Module 4: AI Regulation · BoK IV.C
High-risk provider obligations
Providers carry the heaviest load because they build the system and put it on the market, so duties span the whole life cycle. Eight converging global themes run from governance and data documentation through logging, incident handling, assessment, registration, transparency and safety testing.
Providers build the system and put it on the market, so duties span the whole life cycle. Eight converging global themes:
- 🏛️ Governance & quality management → life cycle risk management and quality system covering design, testing, deployment, monitoring (EU Arts. 8–9, 17).
- 🗄️ Data governance & documentation → comprehensive documentation; demonstrate data is relevant, representative and monitored for bias (EU Arts. 10–11, 18; California AB 2013).
- 🧾 Logging & traceability → systems automatically log inputs, outputs, key decisions, human interventions; keep logs for audit (EU Arts. 12, 19; China traceability rules).
- 🚨 Corrective action & incidents → detect and correct malfunctions; notify regulators or users of serious incidents (EU Arts. 20, 73).
- ✅ Assessment & assurance → pre-deployment assessments (EU conformity assessment, Colorado AIA, China safety assessment) → update on substantial modification.

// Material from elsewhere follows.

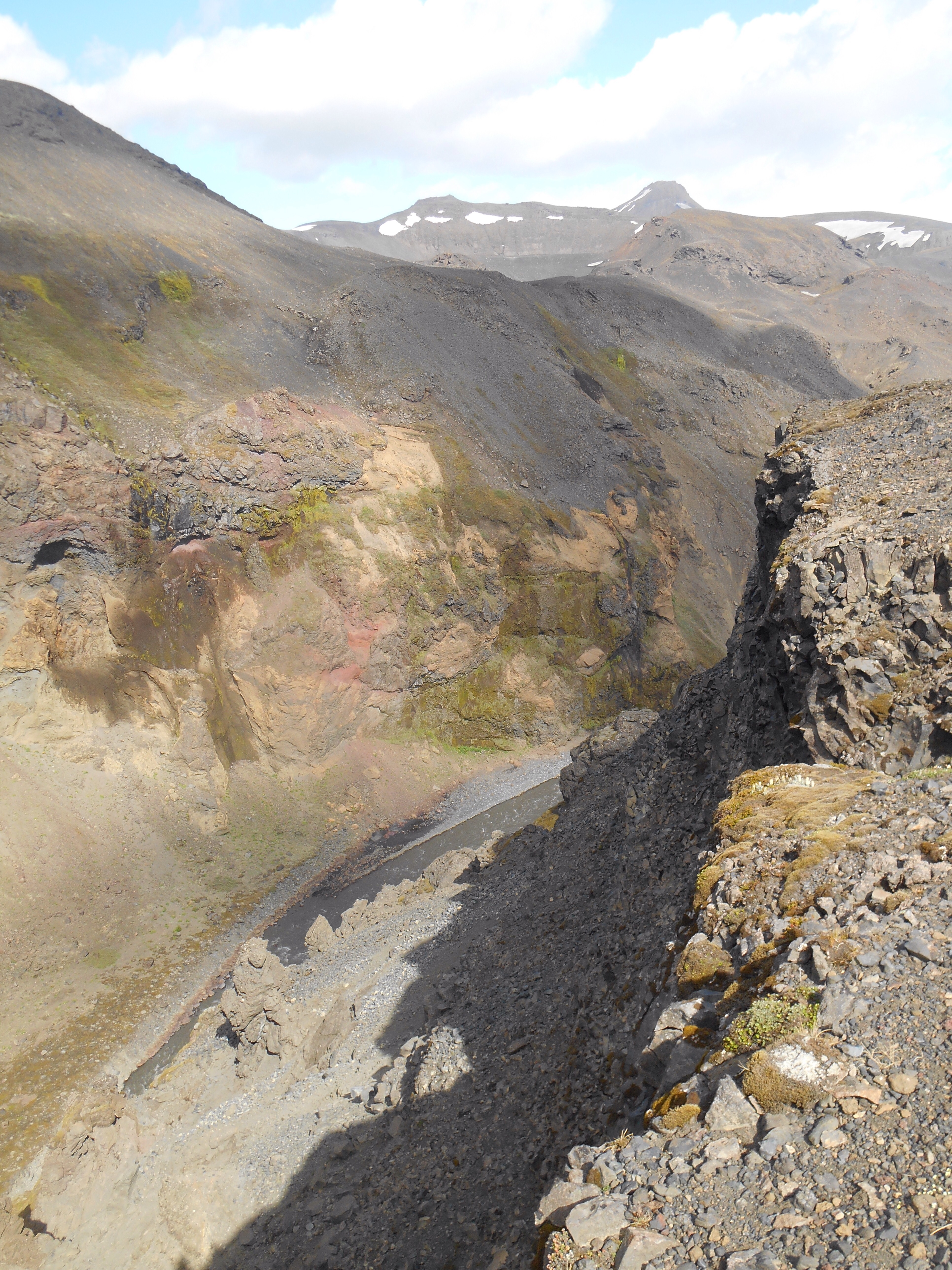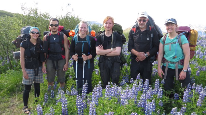 On Tuesday I added a new title to my CV, Sherpa, as Anna and I offered to be food porters for the long range team who would be spending the remainder of the working week 15km down the trail. We stuffed our packs with high fuel goodies for them and led the way up through the lupin fields and across the fast flowing Throngar river. At 3.5km from base, Chas often describes this river as the divide between home and wilderness, and certainly once you have plunged your hot feet through the icy river, the landscape transforms into a vast moonlike scene. We passed our long range camp and collected the tools from our stash, checking on the progress of our work a week on as we pushed further up the Landmannalaugar trail. The rapidly melting snow means the surrounds are ever changing and only a few kms on the scenery blows out to a panoramic view, the scale of which is quite hard to comprehend. There in the valley below would be their camp.

- 🗃️ Registration & disclosure → EU public database of high-risk systems; China CAC filings; South Korea domestic representative for foreign providers above thresholds.
- 🪟 Transparency & user information → clear instructions for safe use including limitations and human-oversight steps; label or watermark outputs where required.
- 🛡️ Safety, robustness & testing → regular testing for accuracy, robustness, resilience and cybersecurity (EU Art. 15).
Key terms - quick answers
What is “Model card”?
Documentation communicating a model's characteristics, usage conditions and limitations to downstream providers.
What is “California AB 2013”?
Law requiring GenAI training-data transparency (1 Jan 2026).